Reversal learning has been widely shown to depend on monoaminergic mechanisms in the OFC and striatum [75,76,77,78,79,80] with substantial evidence implicating D2 receptors in the striatal indirect pathway [81,82,83,84,85]. However, rather than decreasing DRD2 expression in the striatum, as predicted from prior positron emission tomography imaging studies in humans and other rats, [86,87,88], striatal DRD2 expression increased significantly in the DMS after 8 days of abstinence from cocaine in LE and HE rats. This effect has been reported before after-cocaine exposure and may reflect a delayed compensatory rebound in D2 receptor regulation [89,90,91]. Since DRD2 expression in the DMS increased in both HE and LE rats, this was presumably the consequence of prior cocaine exposure rather than a contributing factor to the failure of HE rats to utilize outcome value during reversal. However, without additional studies to measure protein levels it is unclear whether increased DRD2 expression resulted in increased D2 receptor density. By contrast, HE rats exhibited increased DRD2 and decreased HTR2C expression in the ventral striatum, with a corresponding reduction in DRD1 expression in the OFC. However, one should be cautious about linking these differentially-expressed genes for OFC-striatal circuit function and specifically whether they contributed to the failure of HE rats to exploit previously learnt outcome value, especially as qualitatively similar but statistically non-significant effects were also observed in LE rats. Nevertheless, highly-impulsive rats that subsequently developed persistent cocaine-taking in the face of aversive outcomes [92] also exhibited reduced HTR2C expression in the ventral striatum after long-access cocaine SA [93]. Since the 5-HT2C receptor has been shown to modulate learning from negative feedback in the context of reversal learning [94, 95], impaired 5-HT2C receptor transmission may have contributed to the failure of HE rats to process negative feedback in the present study.
Synthesis and conclusions
The present findings add to the growing body of evidence that cocaine impairs how negative feedback is used to guide behavior. Using traditional and computational methods of analysis, we report that rats exposed to response-contingent cocaine, and which more rapidly escalate intake, were able to learn the value of changing reward contingencies but were compromised in exploiting this knowledge to guide appropriate actions on a serial reversal task. Previous research has shown that the encoding of expected outcomes to acquired values depends on interactions between the OFC and basolateral amygdala [96] and that cocaine disrupts insight into the consequences of behavior by OFC-dependent mechanisms [47]. Abnormalities within this circuitry may thus be relevant to understanding why individuals addicted to drugs persist with drug consumption despite adverse consequences of continued drug use.
Funding and disclosure
This work was funded by a Medical Research Council (MRC) Programme Grant (G1002231) and by a core award from the MRC (G1000183) and Wellcome Trust (093875/Z/10/Z) to the Behavioural and Clinical Neuroscience Institute at Cambridge University. P.Z. was supported by the Pinsent Darwin studentship from the Physiology, Development, and Neuroscience Department at Cambridge University. J.A. was supported by a Fellowship from the Swedish Research Council. BJ was supported by Fellowships from the AXA Research Fund, the National Health and MRC of Australia, and the Cambridge Newton Trust. J.S. was supported by a studentship from Boehringer Ingelheim Pharma GmbH, Biberach, Germany and a studentship from La Caixa Foundation, Barcelona, Spain.

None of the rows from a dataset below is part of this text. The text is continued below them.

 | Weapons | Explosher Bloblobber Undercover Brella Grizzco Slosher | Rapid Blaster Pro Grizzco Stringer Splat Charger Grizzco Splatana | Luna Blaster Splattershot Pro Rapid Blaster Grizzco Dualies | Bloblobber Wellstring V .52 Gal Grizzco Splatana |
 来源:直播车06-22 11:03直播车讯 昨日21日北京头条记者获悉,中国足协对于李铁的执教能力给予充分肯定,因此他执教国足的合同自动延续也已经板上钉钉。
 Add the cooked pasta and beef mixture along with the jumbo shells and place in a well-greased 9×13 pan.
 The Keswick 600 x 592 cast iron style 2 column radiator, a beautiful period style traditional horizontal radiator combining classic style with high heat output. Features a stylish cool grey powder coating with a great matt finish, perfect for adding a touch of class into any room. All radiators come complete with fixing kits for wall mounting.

T.W.R. is a consultant for and receives royalties from Cambridge Cognition; is a consultant for and received a research grant from Eli Lilly; received a research grant from GlaxoSmithKline; is a consultant for and received a research grant from Lundbeck; and is a consultant for Teva, Shire Pharmaceuticals, Mundipharma and Otsuka. J.W.D. has received research grants from Boehringer Ingelheim Pharma GmbH and GlaxoSmithKline. The remaining authors declare no competing interests.
Change history
04 December 2019
An amendment to this paper has been published and can be accessed via a link at the top of the paper.
References
Schoenbaum G, Setlow B. Cocaine makes actions insensitive to outcomes but not extinction: implications for altered orbitofrontal-amygdalar function. Cereb Cortex. 2005;15:1162–9.

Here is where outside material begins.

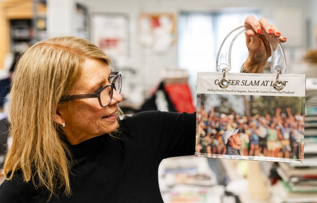 During the Masters, viewers might’ve noticed a unique handbag carried around by Rory McIlroy’s mom, Rosie, which featured a newspaper design depicting her son’s Masters win in 2025. This bag circulated online and turned out to be Couture Planet’s “Rory Career Slam Bag.”

Miles FJ, Everitt BJ, Dickinson A. Oral cocaine seeking by rats: action or habit? Behav Neurosci. 2003;117:927–38.
Hogarth L, He Z, Chase HW, Wills AJ, Troisi J, Leventhal AM, et al. Negative mood reverses devaluation of goal-directed drug-seeking favouring an incentive learning account of drug dependence. Psychopharmacol (Berl). 2015;232:3235–47.
Corbit LH, Nie H, Janak PH. Habitual alcohol seeking: time course and the contribution of subregions of the dorsal striatum. Biol Psychiatry. 2012;72:389–95.
Vanderschuren LJMJ, Everitt BJ. Drug seeking becomes compulsive after prolonged cocaine self-administration. Science . 2004;305:1017–9.
Belin D, Everitt BJ. Cocaine seeking habits depend upon dopamine-dependent serial connectivity linking the ventral with the dorsal striatum. Neuron. 2008;57:432–41.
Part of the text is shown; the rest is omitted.